▸ **SOURCE INFORMATION**:
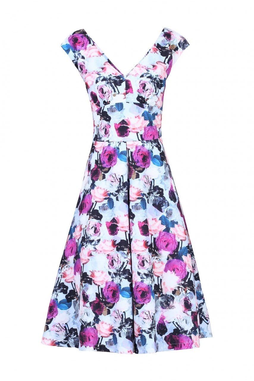 Vintage Floral Print Dress by Jolie Moi, a 50’s inspired dress featuring the classic V neckline, skater style silhouette, volume towards the hem for a flared look. Pair with heels and a clutch bag to go.Â
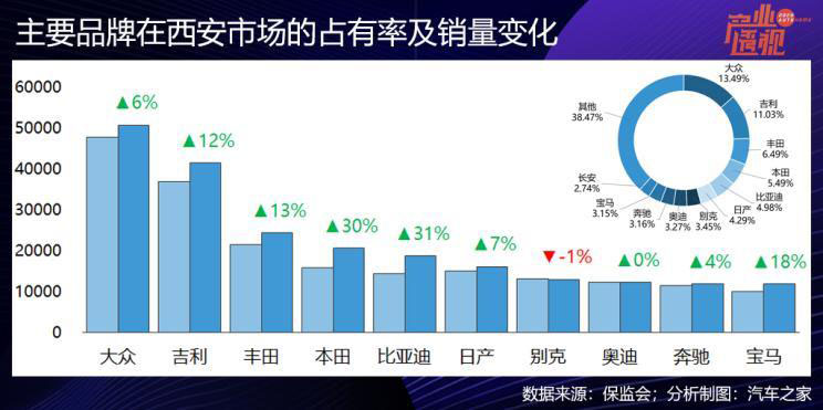 西安去年的新車銷量達(dá)37.7萬輛,微增0.03%。西安是吉利汽車最大的單一區(qū)域市場,在西安的市場占有率高達(dá)11%,僅次于大眾,高于日系品牌,且去年實(shí)現(xiàn)了12%的大幅增長,前十大銷量品牌中,去年在西安市場唯一折戟的是別克,其中昂科威和威朗的銷量下滑,但英朗和君威的銷量都增長了30%以上,別克GL8的銷量也保持穩(wěn)定。
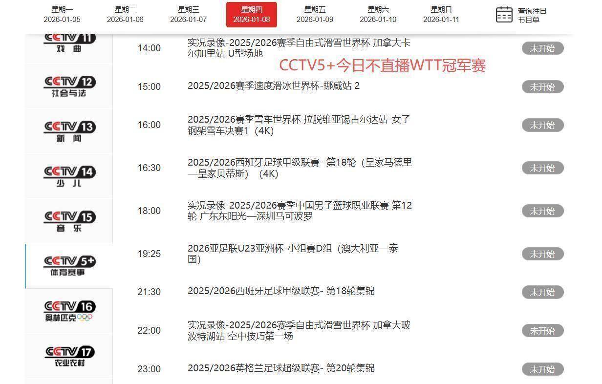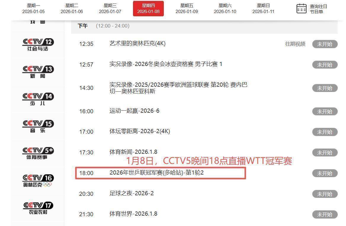 央视直播计划的调整让更多观众有机会关注这场开年大赛。 CCTV5将在晚上18点开始直播今天的焦点赛事而CCTV5+频道今天则不转播乒乓球比赛。 这是因为晚上21点55以后CCTV5要转播U23亚洲杯中国男足对阵伊拉克的比赛所以那个时间段不会播乒乓球。 想观看全程直播的球迷可以转向咪咕视频或者央视频APP这些网络平台不受电视节目时段限制。
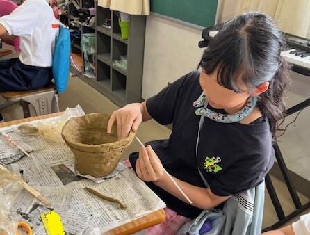6年生の歴史学習が始まって、図工でも土器づくりです。テラコッタ粘土をイメージした形にしていきますが、なかなか手ごわい!業者の方にもご指導いただき、取っ手をつけたり模様をつけたり…。十分乾燥させた後、素焼きしてもらったものが手元に返ってきます。
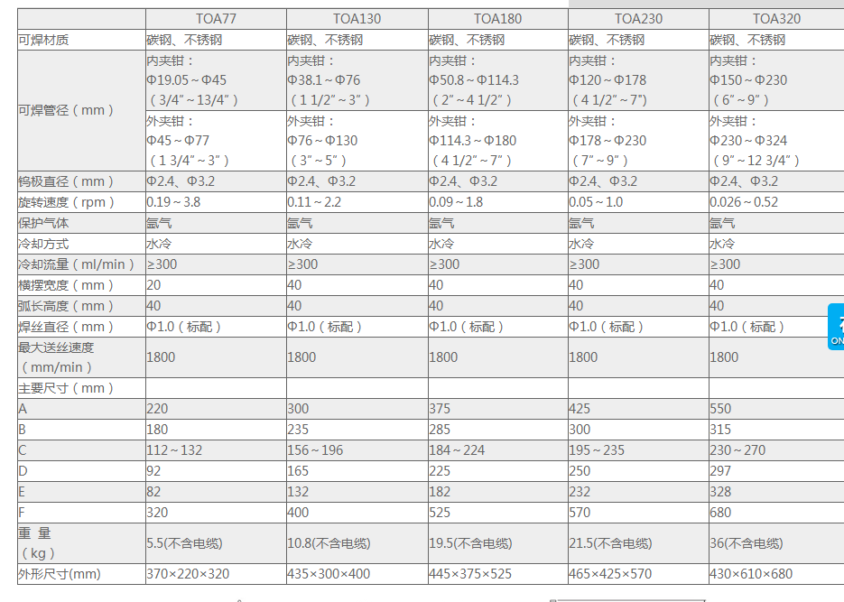 TOA系列全位置管管焊槍
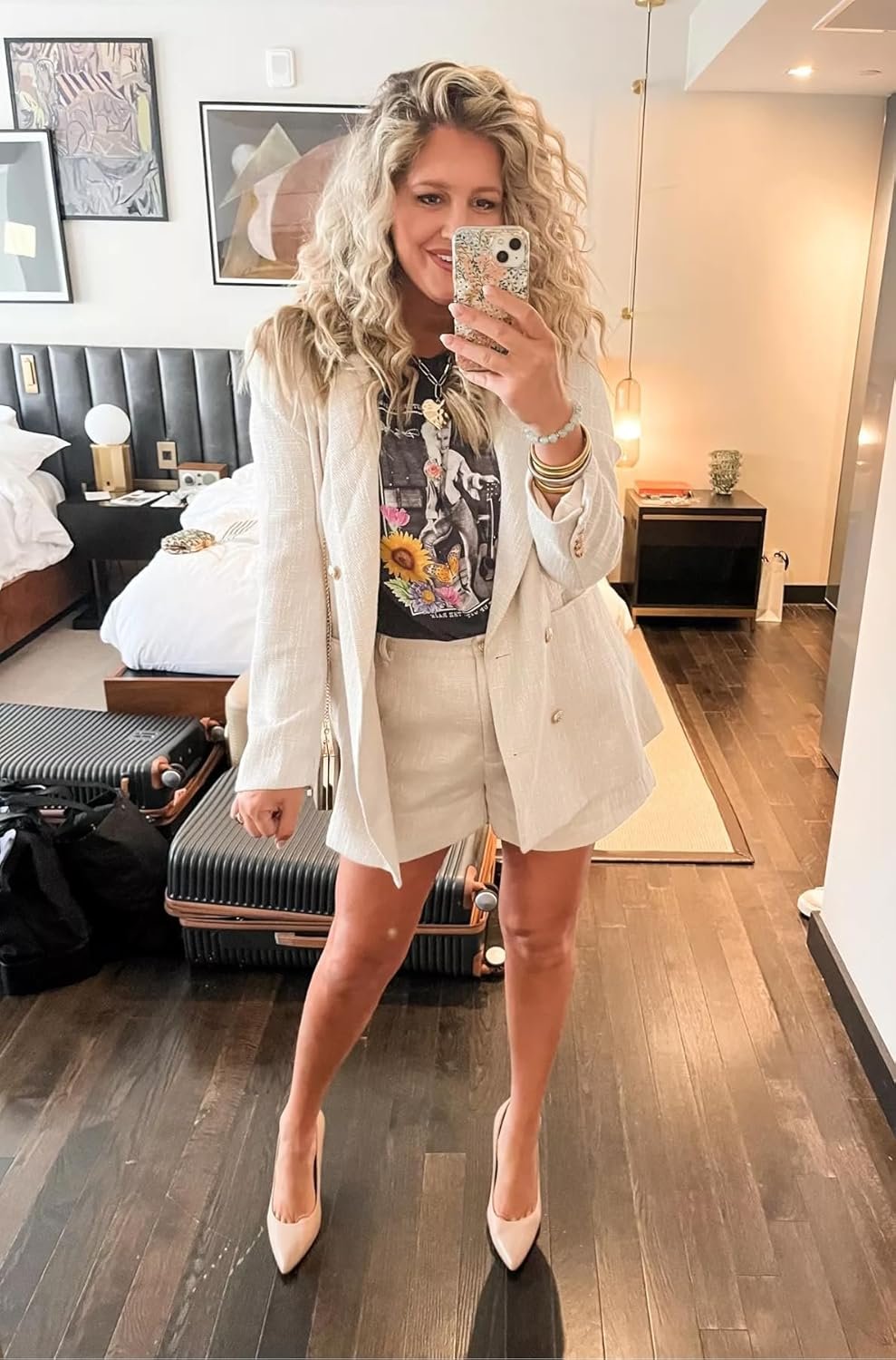 The Cicy Bell Women’s 2 Piece Tweed Blazer Shorts Sets can be easily styled for different occasions
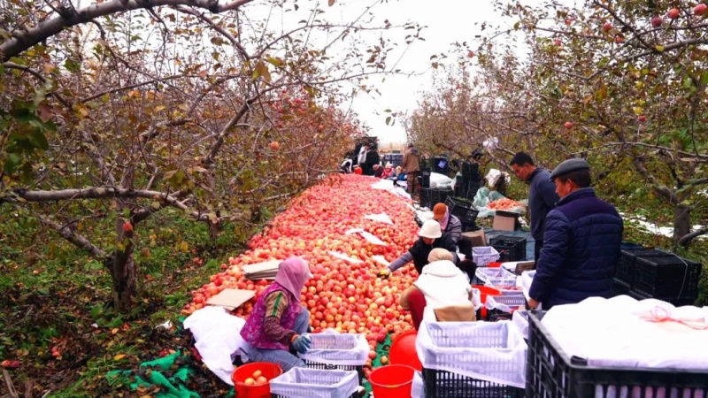 福寿山景区野果林山花绽放、芳香四溢、姿态万千。资料图片 霍城县委宣传部供 有了好气候的先天优势,这里不成为农业沃土都说不过去。年均无霜期在160天左右,让伊犁河谷成为一片富庶之地。 苹果、桃子、杏子、葡萄……各种水果在这里找到了天堂。特别是苹果,伊犁河谷是我国最早栽种苹果的地区之一。近年来,伊犁哈萨克自治州大力发展林果产业,林果种植面积达76万亩,其中苹果种植面积约23万亩。
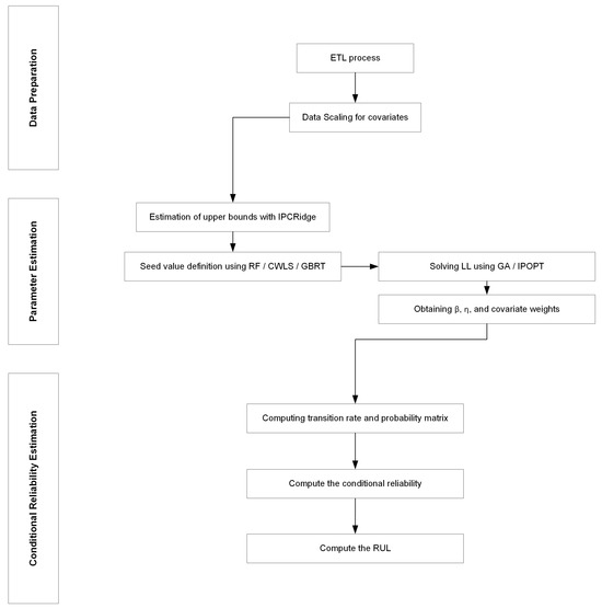 Feature/covariate weighting is an important subject that MLE tries to solve in the present work. The authors of [15] present an approach using Multiple Kernel Learning (MKL), a supervised learning algorithm, for survival prediction models and the convex conjugate function for Cox’s PHM likelihood function. The study shows a robust performance in likelihood function estimation. Also, the MKL allows for the complexity of the boundaries to be avoided. Nevertheless, the study does not consider any assumption on the baseline hazard function, so the distribution parameters are not estimated in the MLE, and it uses a modified convex loss function for MLE. Study [36] proposes a Neural Network (NN) autoencoding (unsupervised learning) approach to estimate the robust features of a set. Then, Cox’s PHM and Long-Short Term Memory NN (LSTM) are used to predict the time between failures (TBF). So, the authors select the most important features for the prediction and use Cox’s PHM to obtain a reliability curve. They use MLE for the baseline hazard function and covariate weighting, but they do not specify any method to solve MLE. Ref. [26] uses reinforcement learning (Q-learning), Random Forest (RF) algorithm (supervised learning), and Markov Decision Process (MDP) for CBM optimization. The transition probability matrix is not used because the study relies completely on the meta-heuristics algorithms to obtain the reliability curves based on the Kaplan–Meier estimation method, which is non-parametric and asymptotically efficient [37,38], so the covariate weighting is made by using this method. Also, teh authors do not assume any distribution for wear-out; RF is used to predict this phenomenon. MDP incorporates the state space (defined by RF), action space (preventive and corrective interventions, `’do-nothing” policy, and multi-level preventive repair, `’as good as new” repair included), rewards (RUL), and punishments (maintenance cost). Q-learning is used to simulate a decision-maker agent that decides the action based on the “current” conditions of the data, costs, and expected RUL. A matter of concern for this study is the high computational cost related to the Q-learning method.
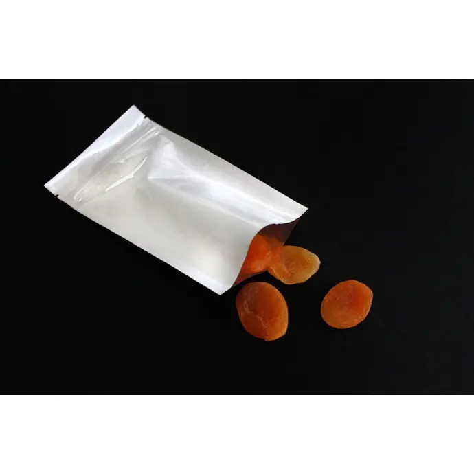 3.5" x 6.5" OD White MylarFoil pouch with tamper evident ZipSeal and tear notch

▸ **TASK DETAILS**:
From the first line to the last, output the data exactly; skip any pictures.

▸ **WRITTEN ANSWER**:
 Vintage Floral Print Dress by Jolie Moi, a 50’s inspired dress featuring the classic V neckline, skater style silhouette, volume towards the hem for a flared look. Pair with heels and a clutch bag to go.Â
 西安去年的新車銷量達(dá)37.7萬輛,微增0.03%。西安是吉利汽車最大的單一區(qū)域市場,在西安的市場占有率高達(dá)11%,僅次于大眾,高于日系品牌,且去年實(shí)現(xiàn)了12%的大幅增長,前十大銷量品牌中,去年在西安市場唯一折戟的是別克,其中昂科威和威朗的銷量下滑,但英朗和君威的銷量都增長了30%以上,別克GL8的銷量也保持穩(wěn)定。
 央视直播计划的调整让更多观众有机会关注这场开年大赛。 CCTV5将在晚上18点开始直播今天的焦点赛事而CCTV5+频道今天则不转播乒乓球比赛。 这是因为晚上21点55以后CCTV5要转播U23亚洲杯中国男足对阵伊拉克的比赛所以那个时间段不会播乒乓球。 想观看全程直播的球迷可以转向咪咕视频或者央视频APP这些网络平台不受电视节目时段限制。
6年生の歴史学習が始まって、図工でも土器づくりです。テラコッタ粘土をイメージした形にしていきますが、なかなか手ごわい!業者の方にもご指導いただき、取っ手をつけたり模様をつけたり…。十分乾燥させた後、素焼きしてもらったものが手元に返ってきます。
 TOA系列全位置管管焊槍
 The Cicy Bell Women’s 2 Piece Tweed Blazer Shorts Sets can be easily styled for different occasions
 福寿山景区野果林山花绽放、芳香四溢、姿态万千。资料图片 霍城县委宣传部供 有了好气候的先天优势,这里不成为农业沃土都说不过去。年均无霜期在160天左右,让伊犁河谷成为一片富庶之地。 苹果、桃子、杏子、葡萄……各种水果在这里找到了天堂。特别是苹果,伊犁河谷是我国最早栽种苹果的地区之一。近年来,伊犁哈萨克自治州大力发展林果产业,林果种植面积达76万亩,其中苹果种植面积约23万亩。
 Feature/covariate weighting is an important subject that MLE tries to solve in the present work. The authors of [15] present an approach using Multiple Kernel Learning (MKL), a supervised learning algorithm, for survival prediction models and the convex conjugate function for Cox’s PHM likelihood function. The study shows a robust performance in likelihood function estimation. Also, the MKL allows for the complexity of the boundaries to be avoided. Nevertheless, the study does not consider any assumption on the baseline hazard function, so the distribution parameters are not estimated in the MLE, and it uses a modified convex loss function for MLE. Study [36] proposes a Neural Network (NN) autoencoding (unsupervised learning) approach to estimate the robust features of a set. Then, Cox’s PHM and Long-Short Term Memory NN (LSTM) are used to predict the time between failures (TBF). So, the authors select the most important features for the prediction and use Cox’s PHM to obtain a reliability curve. They use MLE for the baseline hazard function and covariate weighting, but they do not specify any method to solve MLE. Ref. [26] uses reinforcement learning (Q-learning), Random Forest (RF) algorithm (supervised learning), and Markov Decision Process (MDP) for CBM optimization. The transition probability matrix is not used because the study relies completely on the meta-heuristics algorithms to obtain the reliability curves based on the Kaplan–Meier estimation method, which is non-parametric and asymptotically efficient [37,38], so the covariate weighting is made by using this method. Also, teh authors do not assume any distribution for wear-out; RF is used to predict this phenomenon. MDP incorporates the state space (defined by RF), action space (preventive and corrective interventions, `’do-nothing” policy, and multi-level preventive repair, `’as good as new” repair included), rewards (RUL), and punishments (maintenance cost). Q-learning is used to simulate a decision-maker agent that decides the action based on the “current” conditions of the data, costs, and expected RUL. A matter of concern for this study is the high computational cost related to the Q-learning method.
 3.5" x 6.5" OD White MylarFoil pouch with tamper evident ZipSeal and tear notch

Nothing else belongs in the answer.